New Delhi: The current bullion market is focused on a mix of factors, including the direction of US interest rates, the weakness of the dollar, and many others for further direction, according to a recent report from Emkay Wealth Management.
The direction of US interest rates, which is currently uncertain, has no effect on US retail price tariffs, indicating that one of the key drivers for gold is missing.
The second significant element might be the US dollar's weakness against other major currencies. This can occur only during a prolonged decline in US dollar yields and interest rates, according to the report.
Gold and the US dollar typically have an inverse relationship. When the dollar weakens, gold becomes less expensive in other currencies, boosting demand and frequently affecting its price, and vice versa.

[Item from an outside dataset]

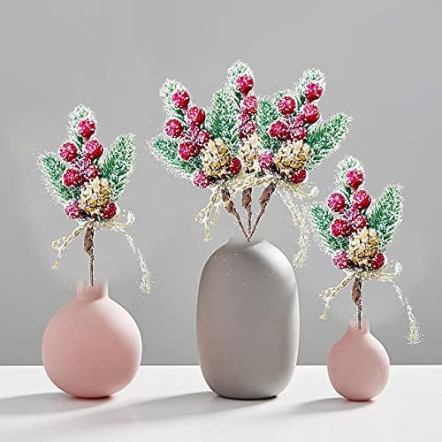 Christmas Picks White Christmas Berry Stems Floral Christmas Tree Picks White Berry Stems Artificial Pine Cones Berry Branches Wreath DIY Crafts Winter Holiday
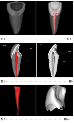 圖1 通過牙齒的三維圖,我們可以很清晰地看出牙齒表面結構,圖2中,通過設置參數,可以很明顯地觀測牙齒的內外整體構造。圖3和圖4,三維切面圖讓我們更直觀的觀察牙齒內部結構和牙根管的形態。圖5通過軟件自動精準的圖像分割技術,填充分離出牙根管,得到牙根管三維立體模型結構。為后期根管研究提供了模型化的基礎。圖6,通過牙釉質與牙本質密度差異的原理,分離出牙釉質,得到模型結構。這結構為以后的人工牙齒模型設計提供依據。

However, the recent increase in the dollar and rising US bond rates have placed downward pressure on gold prices. The report estimates technical support for gold at USD 3,297 and USD 3,248.
What we need is a deeper drop in the Dollar due to official rate reductions and a decrease in market yields. There is a widespread concern that the new budgeted expenditures of USD 4. 60 trillion may make the scenario more complicated, as the resultant borrowings may increase yields, Emkay Wealth Management said.
Along with this, a consolidation pattern is now being seen in the gold market, which usually results in an increase in gold prices.
The study also states that earlier this year, gold prices increased owing to purchases from China. However, around the end of April and the beginning of May, when China announced a selloff, that element became irrelevant in the overall picture.